_Task to complete:_ Word for word, give the records again, dropping any picture they hold.
Record extracts below:
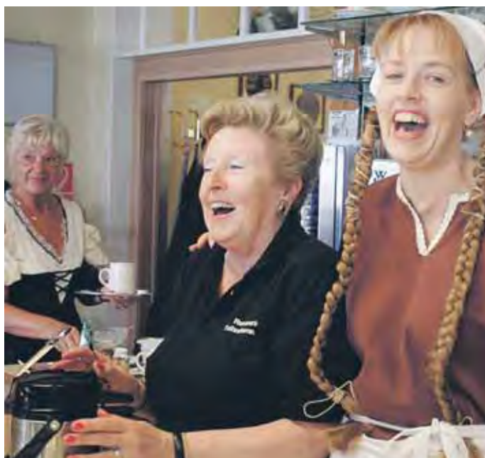
Beim Irminratsmarkt in Großauheim kann man sich in aller Ruhe in den Geschäften umsehen und von den netten Mitarbeitern in historischen Kostümen beraten lassen.
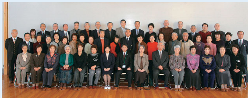
▲チャレンジ精神を忘れずに、これからも学び続けます

南区民センターを会場に、南区緑苑大学（高齢者教室）の修了式が行われました。受講した50人全員が修了証書を受け取り、たくさんの思い出を胸に半年間の大学生活を振り返っていました。修了生の多くはOB会に参加し、これからも交流を深めます。
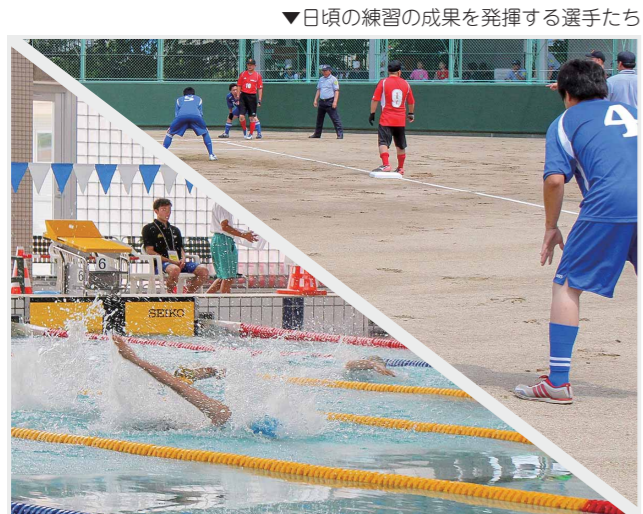
▼日頃の練習の成果を発揮する選手たち
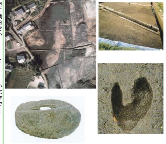
写真左上より/脇穴遺跡 鎌倉時代の水田畦 石包丁 牛の足跡
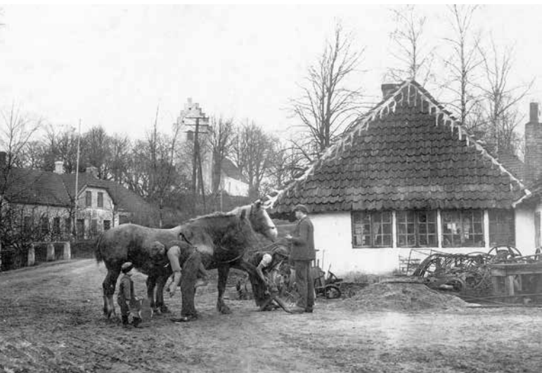
Til venstre: Et par heste bliver skoet uden for Aasum Smedie omkring 1930.
End of Record extracts.
_Result of this exercise:_
Beim Irminratsmarkt in Großauheim kann man sich in aller Ruhe in den Geschäften umsehen und von den netten Mitarbeitern in historischen Kostümen beraten lassen.
▲チャレンジ精神を忘れずに、これからも学び続けます

南区民センターを会場に、南区緑苑大学（高齢者教室）の修了式が行われました。受講した50人全員が修了証書を受け取り、たくさんの思い出を胸に半年間の大学生活を振り返っていました。修了生の多くはOB会に参加し、これからも交流を深めます。
▼日頃の練習の成果を発揮する選手たち
写真左上より/脇穴遺跡 鎌倉時代の水田畦 石包丁 牛の足跡
Til venstre: Et par heste bliver skoet uden for Aasum Smedie omkring 1930.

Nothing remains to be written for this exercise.